> _Task input_:
#####

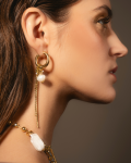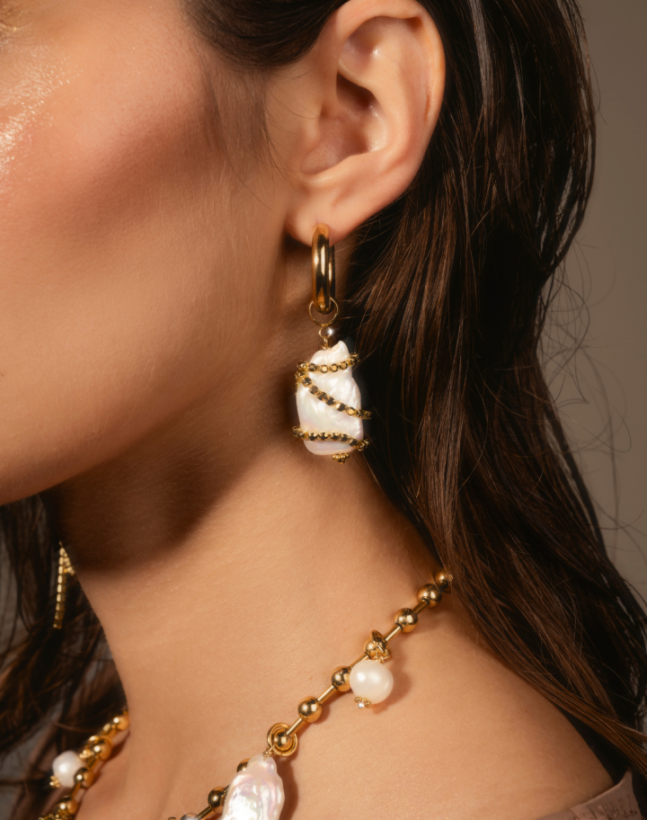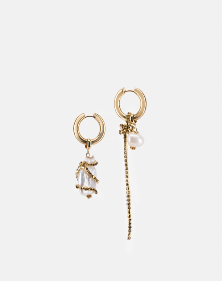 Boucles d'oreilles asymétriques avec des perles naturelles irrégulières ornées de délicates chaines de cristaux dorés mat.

#####

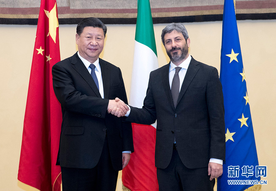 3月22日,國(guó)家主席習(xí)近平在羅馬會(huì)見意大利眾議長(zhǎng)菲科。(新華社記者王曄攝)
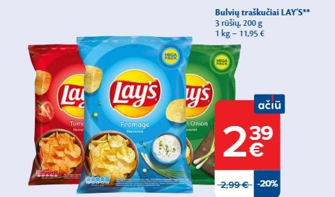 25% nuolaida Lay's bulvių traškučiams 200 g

#####

Above are the records; restate exactly the lines from the one containing "3月22日,國(guó)家主" through the one containing "25% nuolaida Lay's bulvių traškučiams 200 g", keeping pictures out.

 3月22日,國(guó)家主席習(xí)近平在羅馬會(huì)見意大利眾議長(zhǎng)菲科。(新華社記者王曄攝)
 25% nuolaida Lay's bulvių traškučiams 200 g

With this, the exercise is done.